KREK
- Bristow, Oklahoma; United States;
- Frequency: 104.9 MHz
- Branding: SonLife Radio

Programming
- Format: Christian radio

Ownership
- Owner: Family Worship Center Church Inc.

History
- First air date: 1979

Technical information
- Licensing authority: FCC
- Facility ID: 5218
- Class: A
- ERP: 5,000 watts
- HAAT: 107 meters (351 ft)
- Transmitter coordinates: 35°47′11″N 96°27′35″W﻿ / ﻿35.78639°N 96.45972°W

Links
- Public license information: Public file; LMS;
- Website: sonlifetv.com

= KREK =

KREK (104.9 FM) is a radio station licensed to Bristow, Oklahoma. It airs a Christian radio format and is owned by Family Worship Center Church Inc.

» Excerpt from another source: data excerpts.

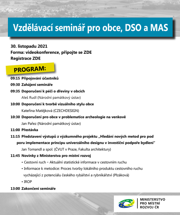 Registrace na seminář 30. 11. 2021 je zde a připojit se lze tady.
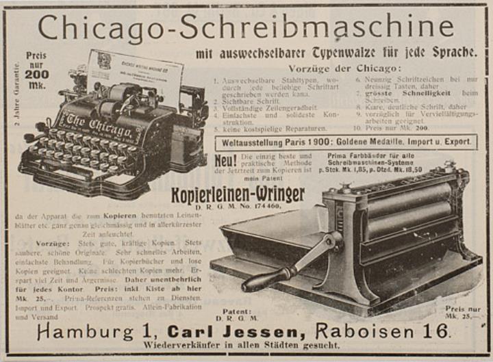 Werbeanzeige für Schreibmaschine Chicago monochrom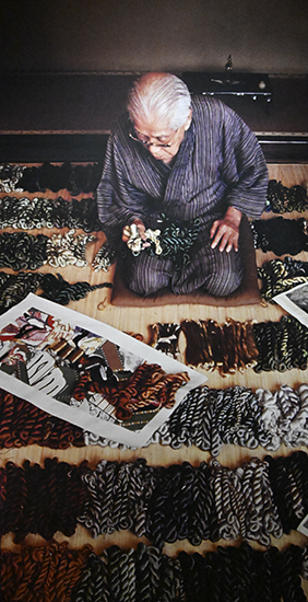 D’après une photo du maître tisserand, Itaro Yamaguchi en train de choisir ses fils et ses couleurs.
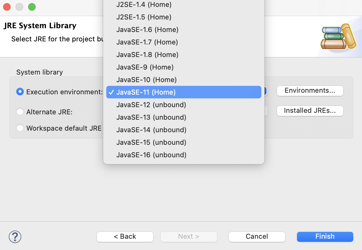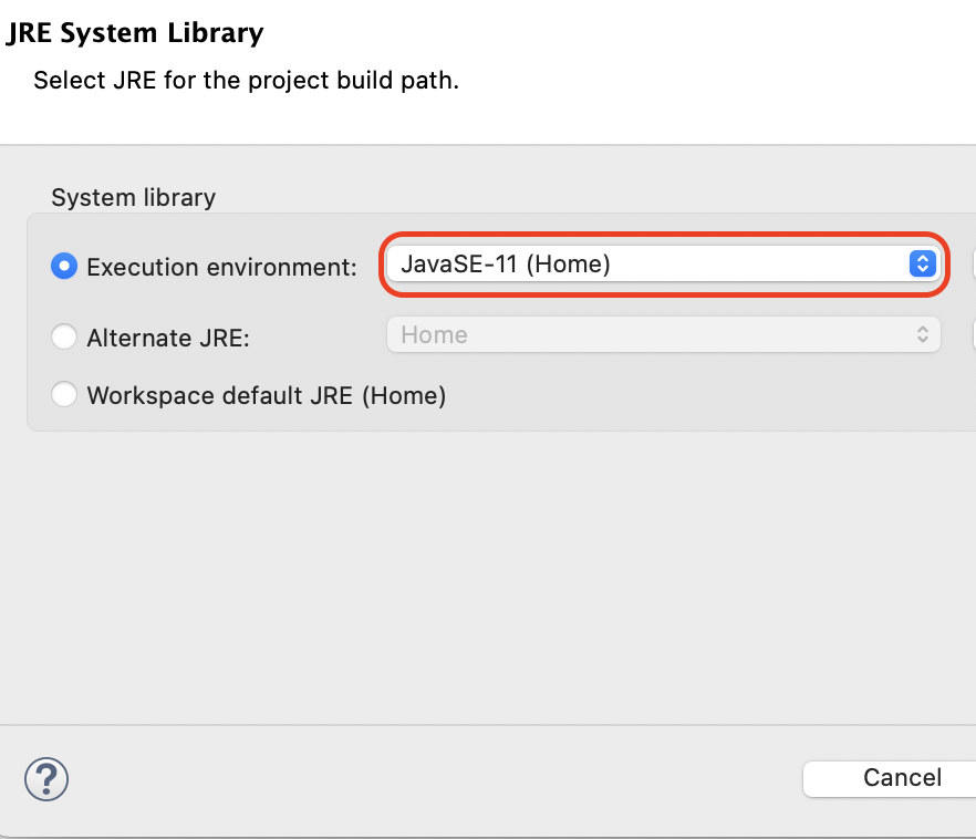 이제 Execution environment의 항목을 클릭한 뒤 본인이 바로 전에 지정한 자바의 버전을 선택 후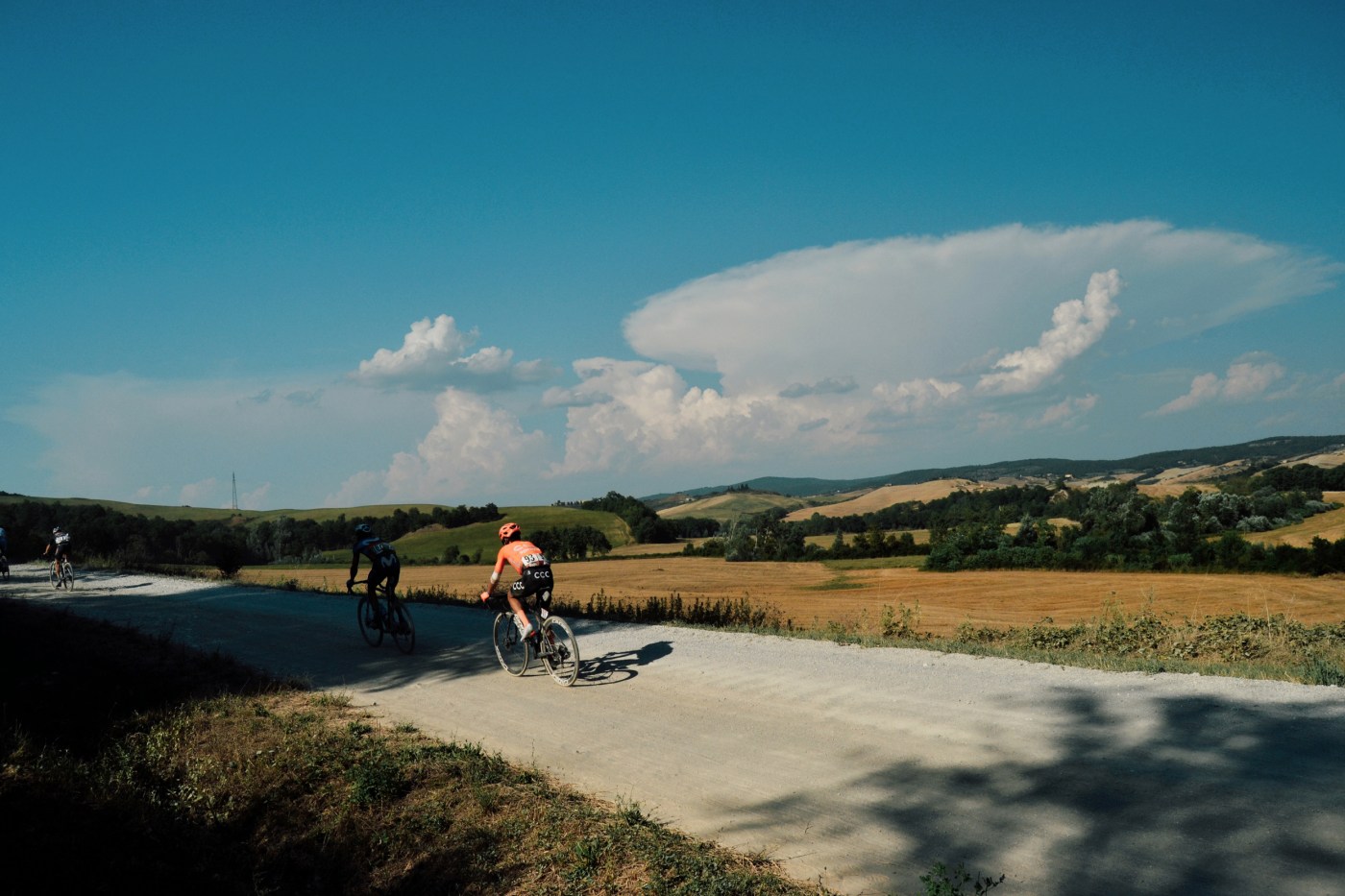 Così immensamente lontano, così ancora irrimediabilmente vicino mentre Sante Marie è dorata nella luce del tardo pomeriggio e l’alito rovente di agosto soffia ancora sulle colline. L’elicottero è basso sopra la strada bianca che incide le crete, il gruppo passa tra due lingue di polvere. Il ciclismo lo sa che in corsa uno sguardo è tutto: in un attimo puoi chiedere il cambio, puoi far capire che ne hai ancora o dire che sei finito. Puoi dire che ti sei sbagliato o che vorresti rifare tutto da capo.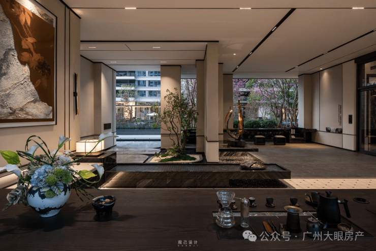 5栋的「云栖·西派艺术馆」 雕塑长廊与立体庭院串联,巧妙地陈设“风”字的金属雕塑、形似层峰叠峦的艺术壁画、融入白云山沉淀的绿宝石。

The station airs programming from SonLife Radio, founded by televangelist Jimmy Swaggart.

==History==
The station began broadcasting in 1979, and was owned by Big Chief Broadcasting Company of Bristow. It originally had an ERP of 3,000 watts and increased power to 5,000 watts in 1996. It had long aired a country music format, and was branded "Stereo Country 105".

In 2014, the station was sold to Family Worship Center Church for $250,000, and it adopted its current Christian radio format. It airs programmng from SonLife Radio, founded by televangelist Jimmy Swaggart.